• WORK ORDER: Starting at the line below holding "Набір метчиків та" and stopping at the line holding "Κορυφαίοι για τους", print every line exactly, both ends included, and leave the rest out.

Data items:

§ §

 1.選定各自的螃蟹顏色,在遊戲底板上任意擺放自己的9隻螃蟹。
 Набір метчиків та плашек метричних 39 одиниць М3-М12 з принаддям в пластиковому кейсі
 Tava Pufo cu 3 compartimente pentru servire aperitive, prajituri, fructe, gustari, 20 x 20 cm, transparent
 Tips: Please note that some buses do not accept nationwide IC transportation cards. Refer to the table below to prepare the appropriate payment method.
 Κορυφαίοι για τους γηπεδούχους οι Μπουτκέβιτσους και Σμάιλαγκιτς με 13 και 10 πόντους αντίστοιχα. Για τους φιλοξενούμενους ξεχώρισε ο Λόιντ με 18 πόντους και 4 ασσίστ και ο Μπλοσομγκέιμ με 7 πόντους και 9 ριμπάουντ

§ §

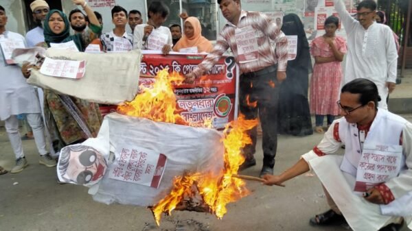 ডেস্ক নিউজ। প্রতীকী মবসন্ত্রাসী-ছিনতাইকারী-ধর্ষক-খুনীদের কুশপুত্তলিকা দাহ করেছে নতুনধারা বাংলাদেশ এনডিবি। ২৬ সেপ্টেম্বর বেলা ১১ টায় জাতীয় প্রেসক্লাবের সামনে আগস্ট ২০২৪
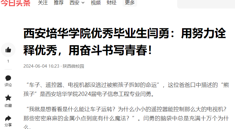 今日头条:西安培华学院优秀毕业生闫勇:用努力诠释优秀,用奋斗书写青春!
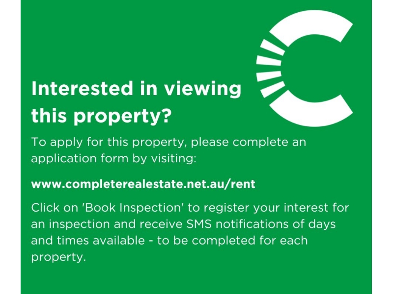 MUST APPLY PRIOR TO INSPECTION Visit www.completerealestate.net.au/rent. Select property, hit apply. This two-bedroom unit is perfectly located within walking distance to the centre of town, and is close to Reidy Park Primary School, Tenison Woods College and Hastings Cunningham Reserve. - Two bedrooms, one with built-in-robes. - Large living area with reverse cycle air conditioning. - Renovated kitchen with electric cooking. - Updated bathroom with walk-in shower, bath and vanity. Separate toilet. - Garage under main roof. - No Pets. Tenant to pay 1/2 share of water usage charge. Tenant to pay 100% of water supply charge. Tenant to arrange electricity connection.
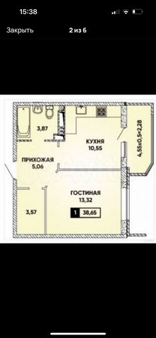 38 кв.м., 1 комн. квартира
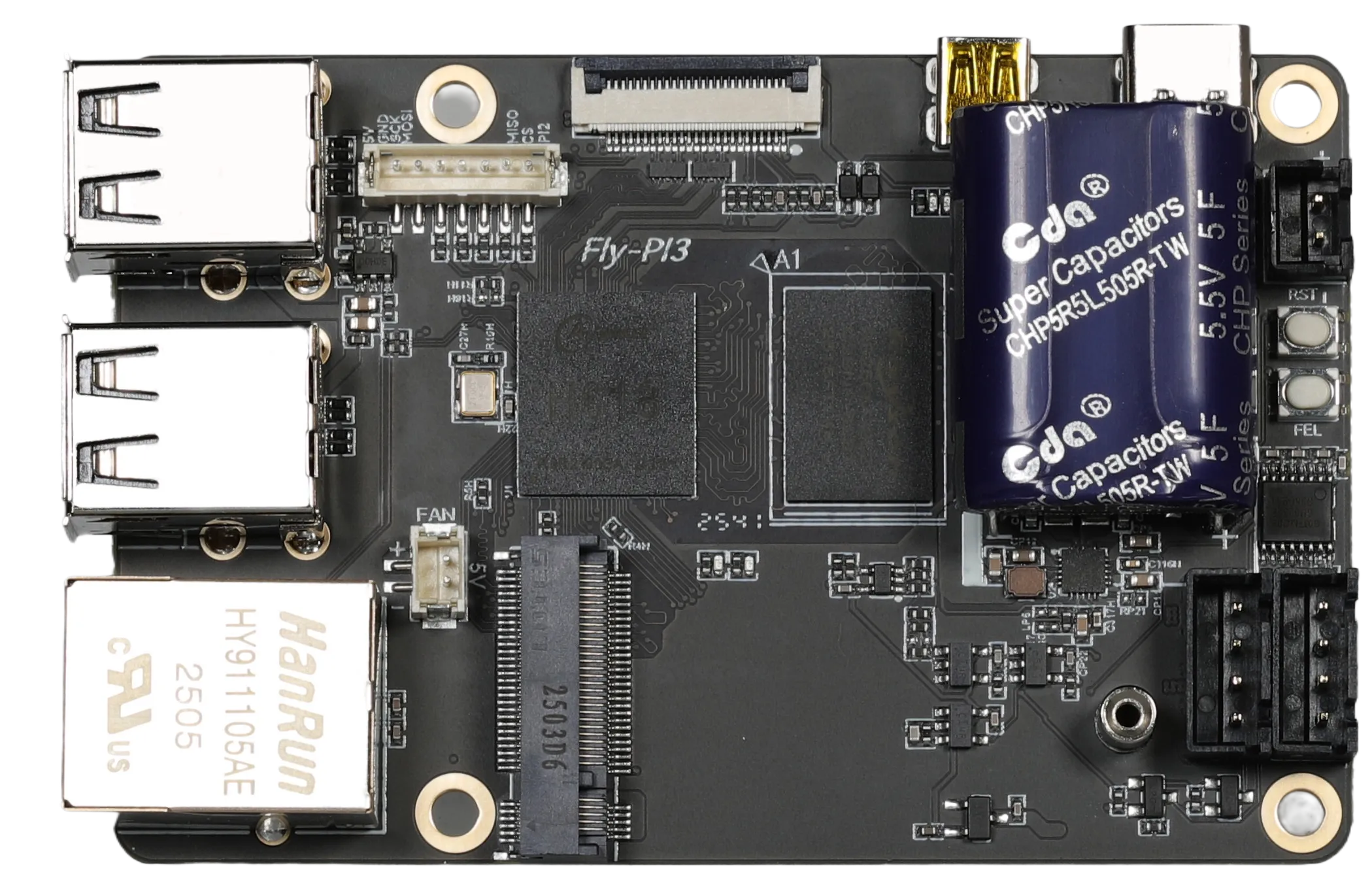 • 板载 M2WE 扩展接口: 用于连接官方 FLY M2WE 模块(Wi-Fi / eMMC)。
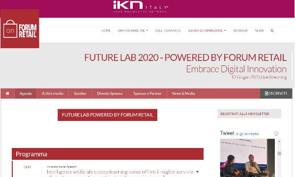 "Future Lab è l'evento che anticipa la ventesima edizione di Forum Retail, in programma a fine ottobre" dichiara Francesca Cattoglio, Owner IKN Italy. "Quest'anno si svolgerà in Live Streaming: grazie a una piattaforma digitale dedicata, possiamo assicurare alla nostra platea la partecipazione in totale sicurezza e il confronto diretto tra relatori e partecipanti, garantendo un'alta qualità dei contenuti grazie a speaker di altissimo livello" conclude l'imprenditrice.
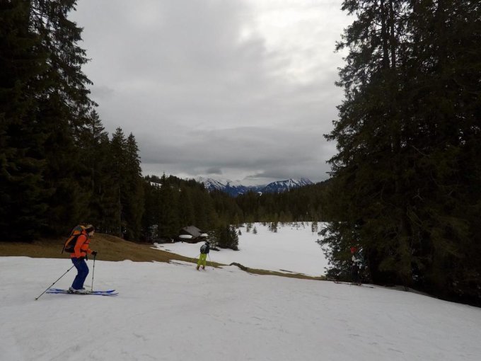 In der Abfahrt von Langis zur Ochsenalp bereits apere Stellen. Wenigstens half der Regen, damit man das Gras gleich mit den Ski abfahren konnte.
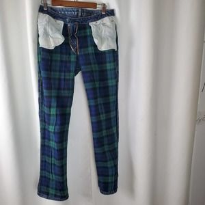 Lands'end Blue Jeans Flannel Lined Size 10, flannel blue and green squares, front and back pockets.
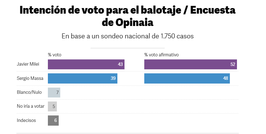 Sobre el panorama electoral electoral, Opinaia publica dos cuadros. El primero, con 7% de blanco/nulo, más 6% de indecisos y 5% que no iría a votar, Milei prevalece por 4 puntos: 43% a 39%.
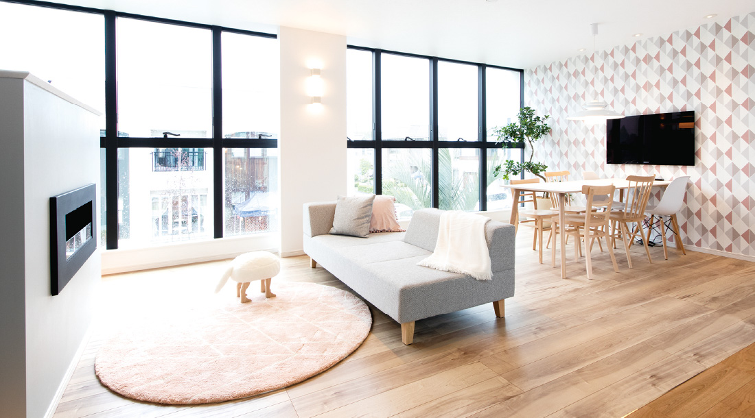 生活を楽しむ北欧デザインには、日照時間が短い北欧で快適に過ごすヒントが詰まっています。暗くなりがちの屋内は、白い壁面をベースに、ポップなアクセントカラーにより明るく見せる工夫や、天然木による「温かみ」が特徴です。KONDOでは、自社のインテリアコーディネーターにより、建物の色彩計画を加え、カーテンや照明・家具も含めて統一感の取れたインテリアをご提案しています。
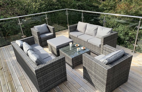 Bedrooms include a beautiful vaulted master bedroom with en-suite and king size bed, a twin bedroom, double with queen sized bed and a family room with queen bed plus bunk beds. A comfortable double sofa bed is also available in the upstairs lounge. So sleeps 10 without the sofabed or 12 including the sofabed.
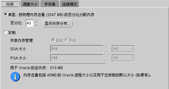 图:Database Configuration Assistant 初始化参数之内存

§ §

• RESULT OF THIS TASK:
 Набір метчиків та плашек метричних 39 одиниць М3-М12 з принаддям в пластиковому кейсі
 Tava Pufo cu 3 compartimente pentru servire aperitive, prajituri, fructe, gustari, 20 x 20 cm, transparent
 Tips: Please note that some buses do not accept nationwide IC transportation cards. Refer to the table below to prepare the appropriate payment method.
 Κορυφαίοι για τους γηπεδούχους οι Μπουτκέβιτσους και Σμάιλαγκιτς με 13 και 10 πόντους αντίστοιχα. Για τους φιλοξενούμενους ξεχώρισε ο Λόιντ με 18 πόντους και 4 ασσίστ και ο Μπλοσομγκέιμ με 7 πόντους και 9 ριμπάουντ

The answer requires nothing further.